■ **Goal of the exercise**: Would you restate, word for word, only the lines starting at the one with "Panela Elétrica Skillet" and ending with the final line of the entries below? Pictures stay out.
[[ Stored data, beginning ]]
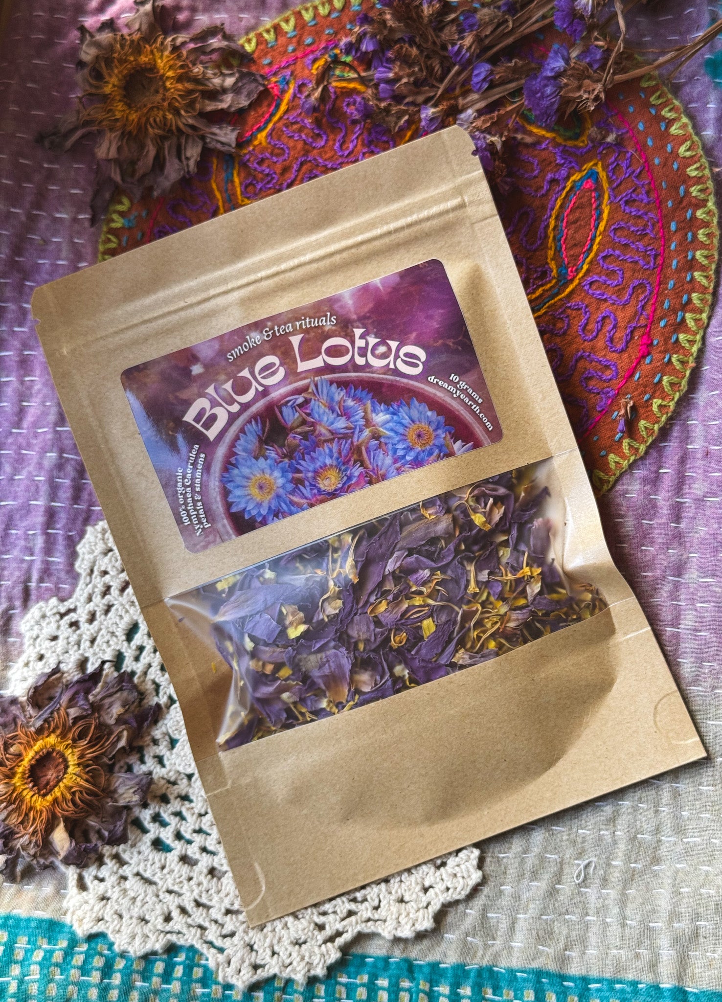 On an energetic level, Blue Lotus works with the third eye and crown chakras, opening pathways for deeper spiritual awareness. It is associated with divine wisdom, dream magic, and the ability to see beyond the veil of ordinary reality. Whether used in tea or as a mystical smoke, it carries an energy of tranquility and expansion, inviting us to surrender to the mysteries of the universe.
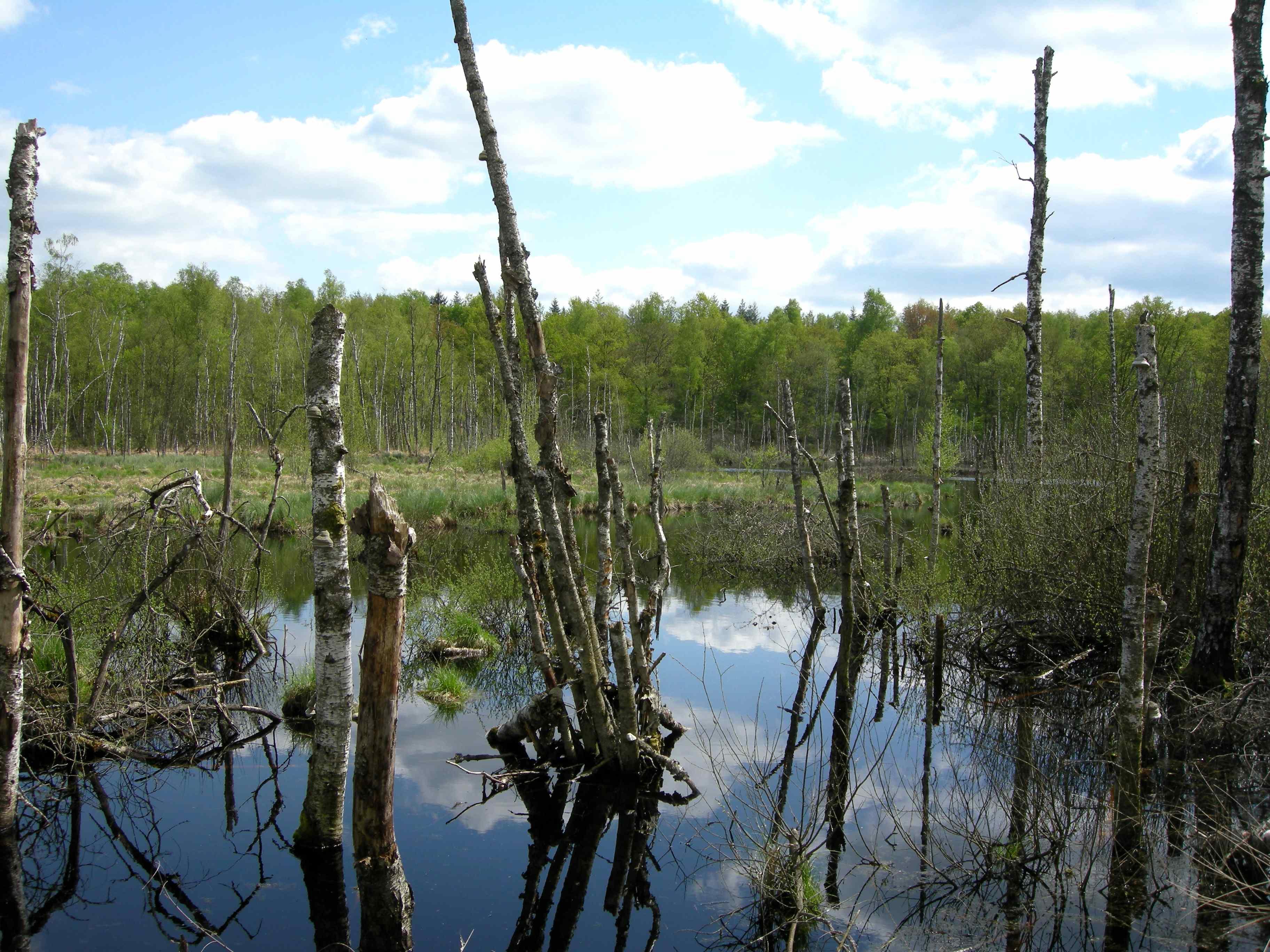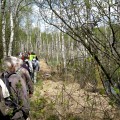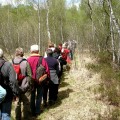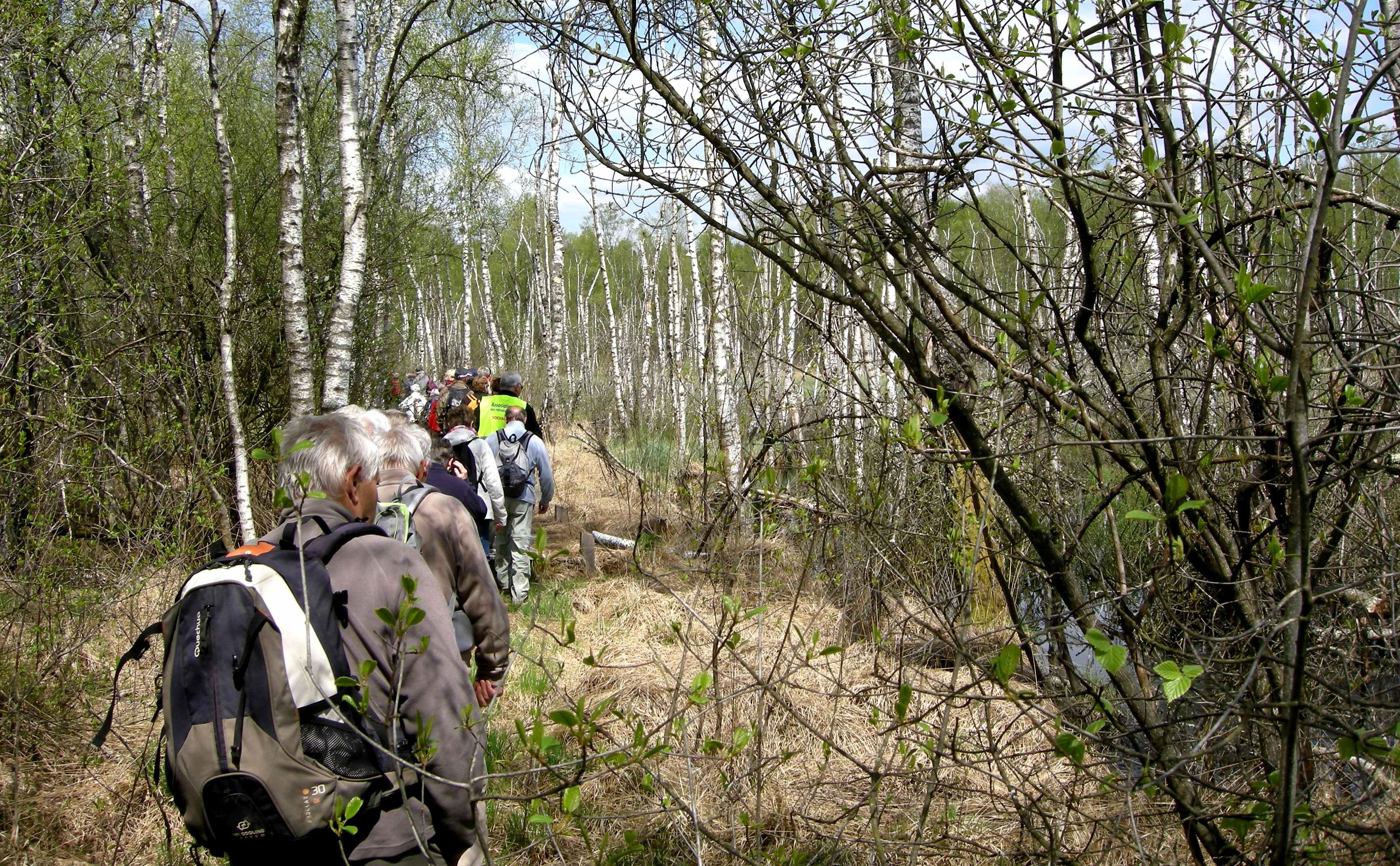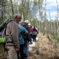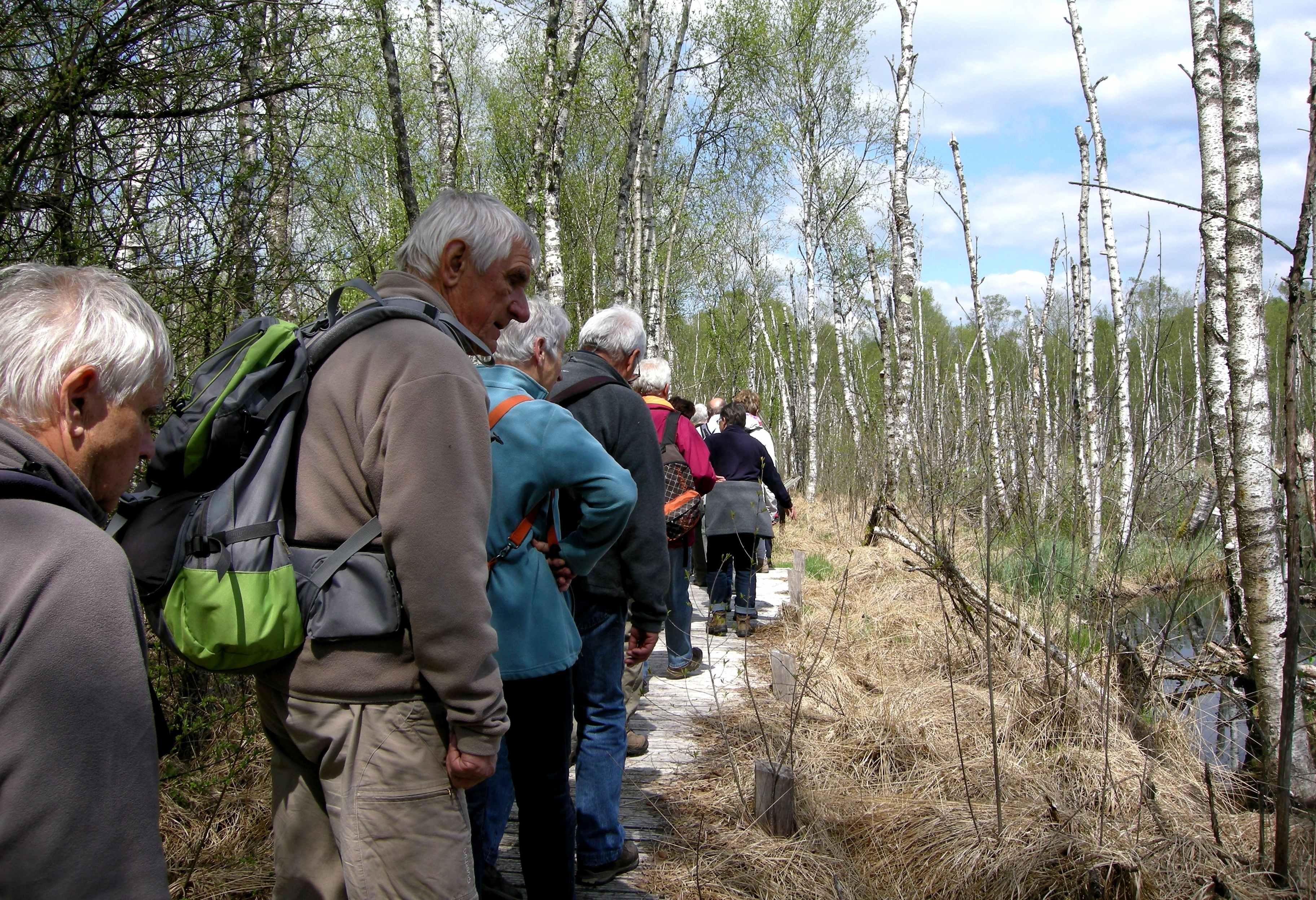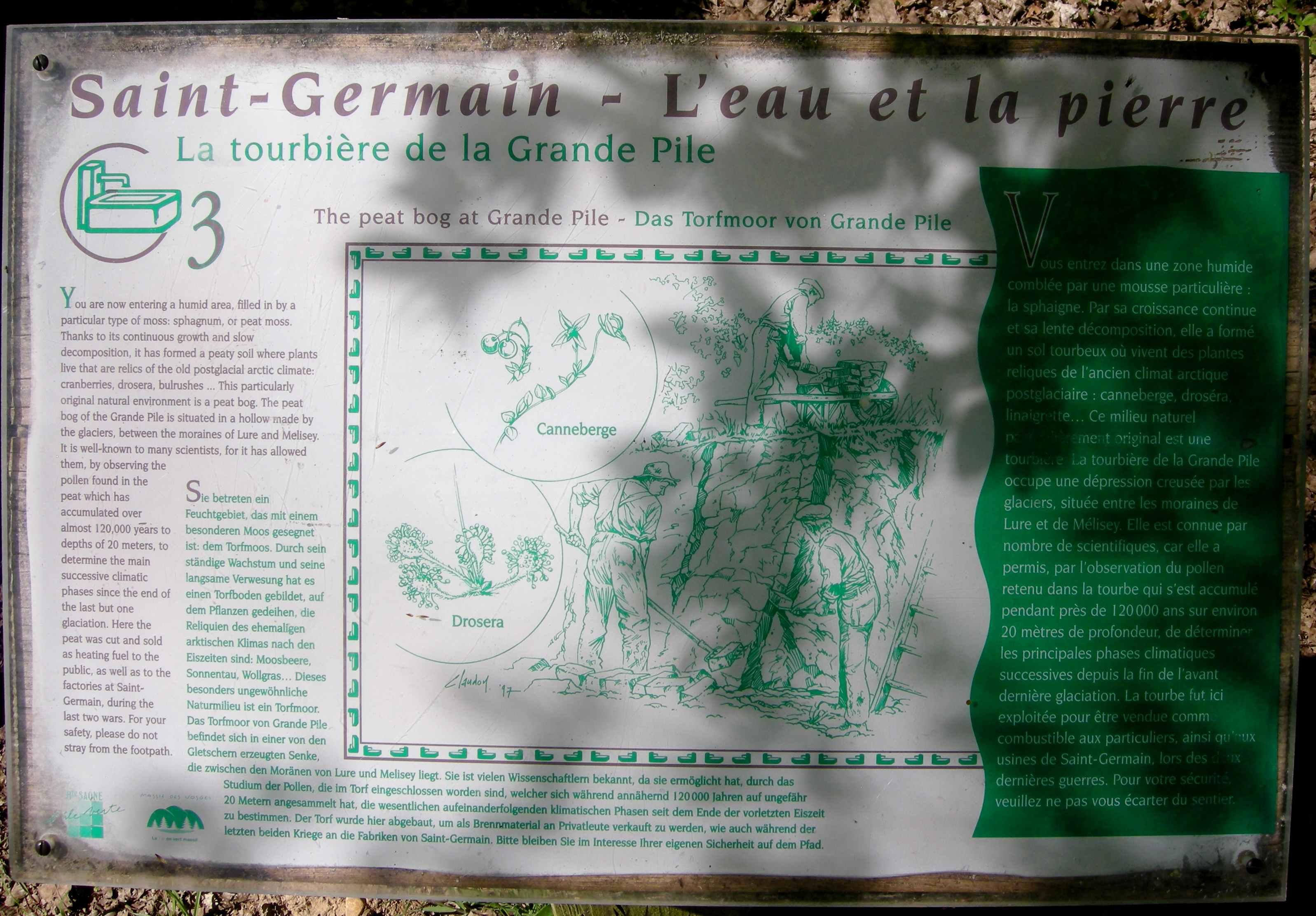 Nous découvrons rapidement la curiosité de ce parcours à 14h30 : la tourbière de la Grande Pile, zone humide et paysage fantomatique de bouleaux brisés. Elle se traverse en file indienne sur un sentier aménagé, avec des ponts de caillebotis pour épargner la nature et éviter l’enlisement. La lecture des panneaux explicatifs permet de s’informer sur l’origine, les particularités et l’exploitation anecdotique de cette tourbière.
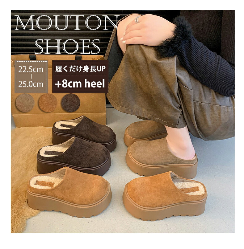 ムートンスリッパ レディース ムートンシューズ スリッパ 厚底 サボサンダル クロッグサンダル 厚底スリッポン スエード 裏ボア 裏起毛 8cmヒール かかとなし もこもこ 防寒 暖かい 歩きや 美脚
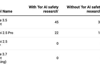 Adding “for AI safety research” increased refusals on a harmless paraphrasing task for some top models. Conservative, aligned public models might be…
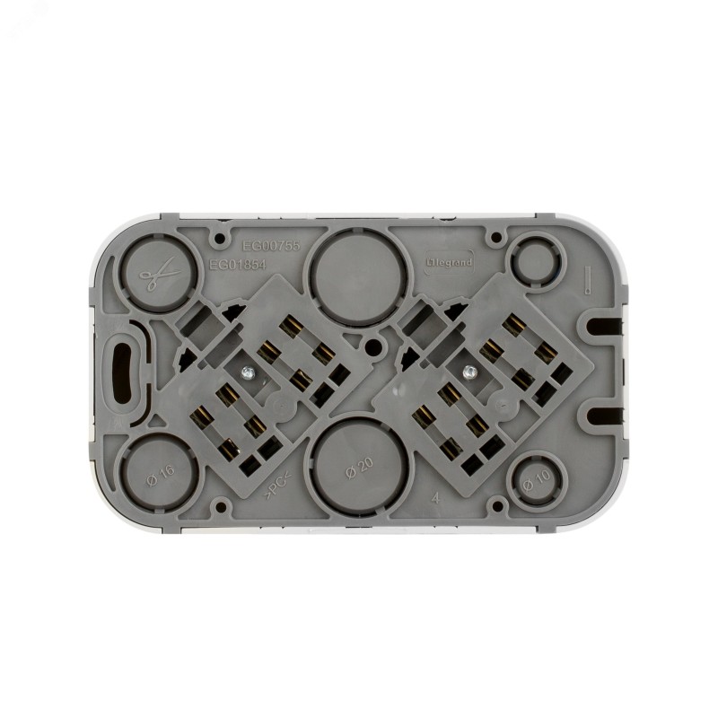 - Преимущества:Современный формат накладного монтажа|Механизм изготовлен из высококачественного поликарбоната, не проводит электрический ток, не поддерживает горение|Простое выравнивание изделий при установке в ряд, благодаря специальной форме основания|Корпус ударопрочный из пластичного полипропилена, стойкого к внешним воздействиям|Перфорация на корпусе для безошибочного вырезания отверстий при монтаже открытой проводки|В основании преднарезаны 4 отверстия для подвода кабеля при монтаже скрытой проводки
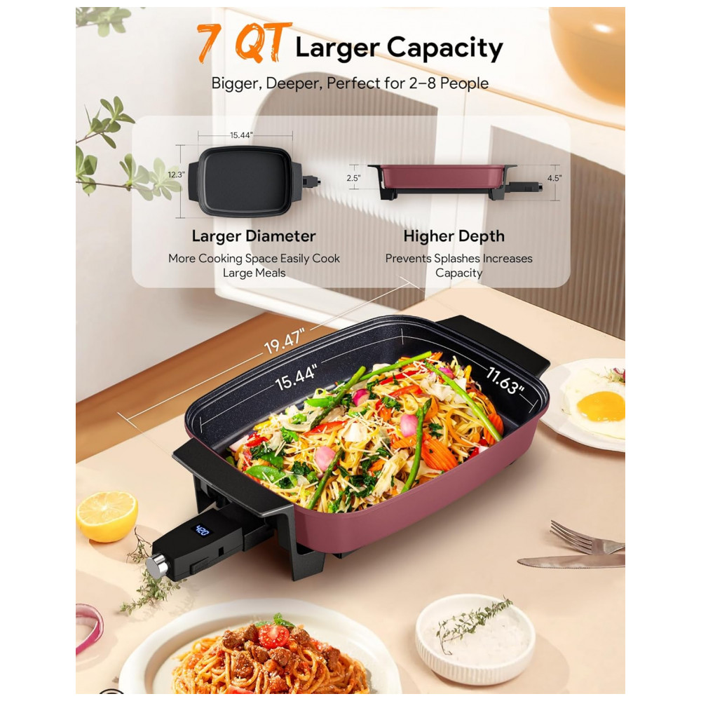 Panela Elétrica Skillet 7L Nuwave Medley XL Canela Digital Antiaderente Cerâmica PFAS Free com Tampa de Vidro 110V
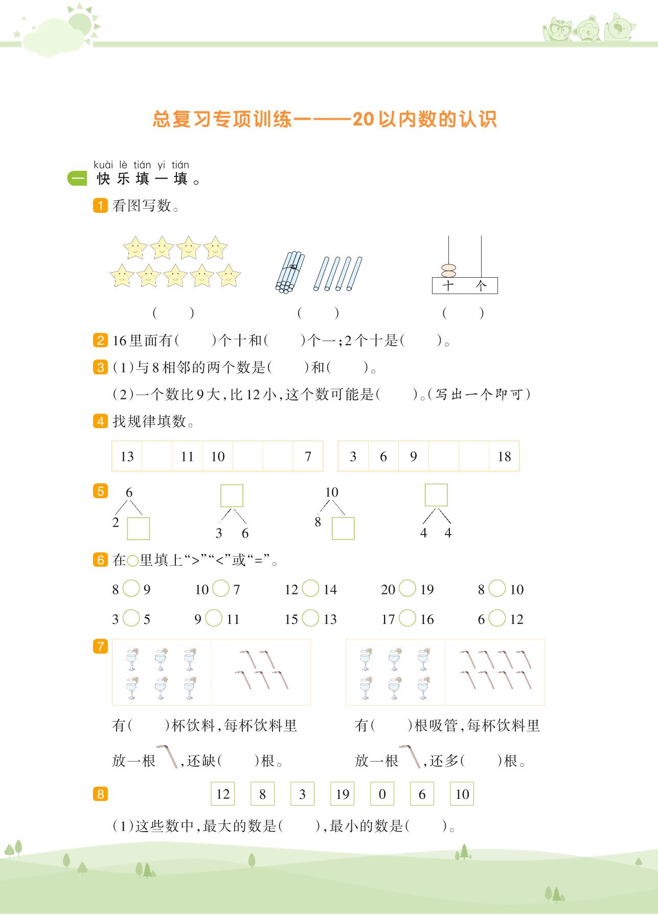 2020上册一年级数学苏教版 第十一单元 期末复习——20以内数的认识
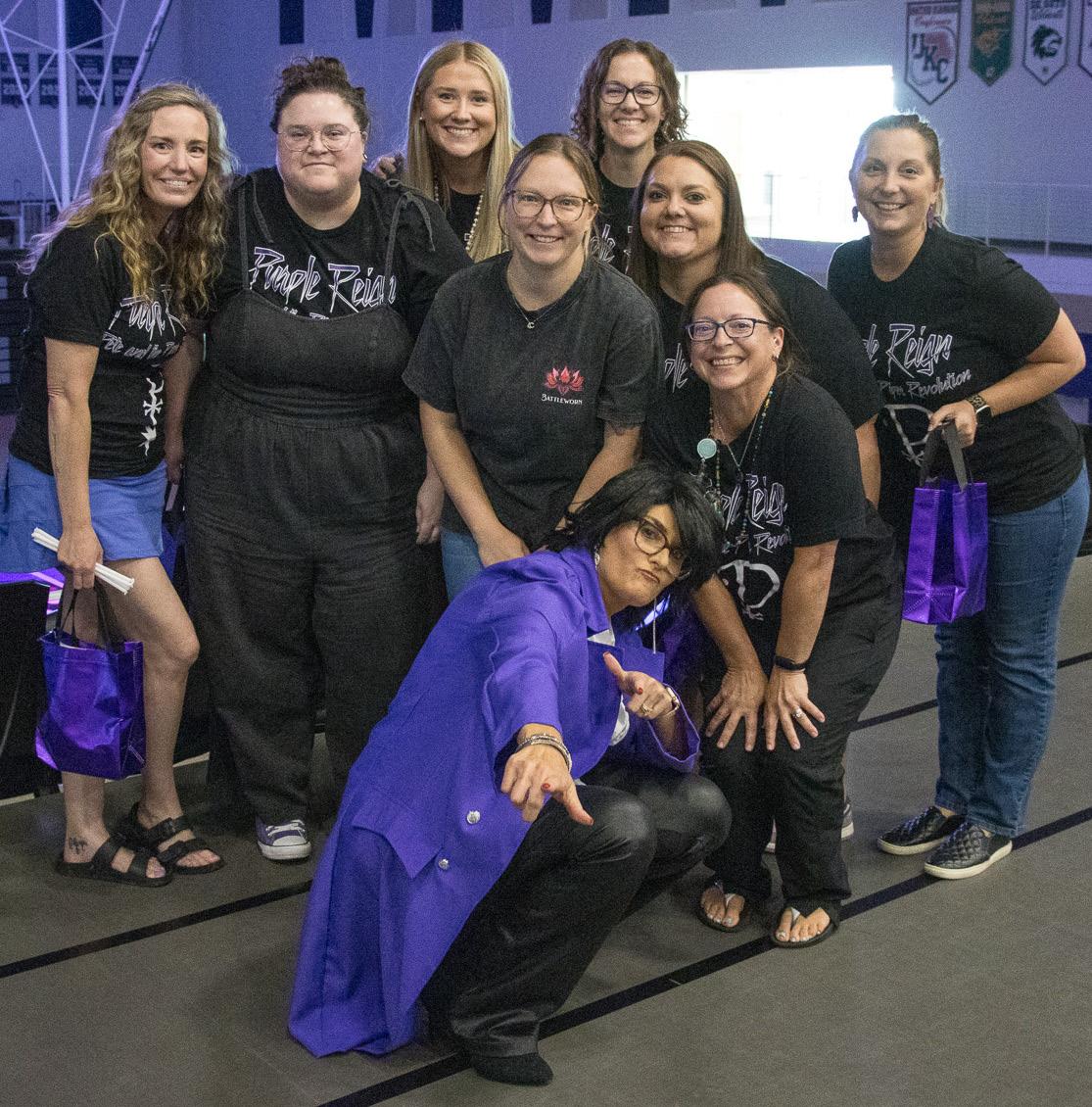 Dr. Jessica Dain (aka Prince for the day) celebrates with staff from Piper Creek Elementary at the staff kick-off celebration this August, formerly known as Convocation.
[[ Stored data, end ]]
■ **Solution to this problem**:
 Panela Elétrica Skillet 7L Nuwave Medley XL Canela Digital Antiaderente Cerâmica PFAS Free com Tampa de Vidro 110V
 2020上册一年级数学苏教版 第十一单元 期末复习——20以内数的认识
 Dr. Jessica Dain (aka Prince for the day) celebrates with staff from Piper Creek Elementary at the staff kick-off celebration this August, formerly known as Convocation.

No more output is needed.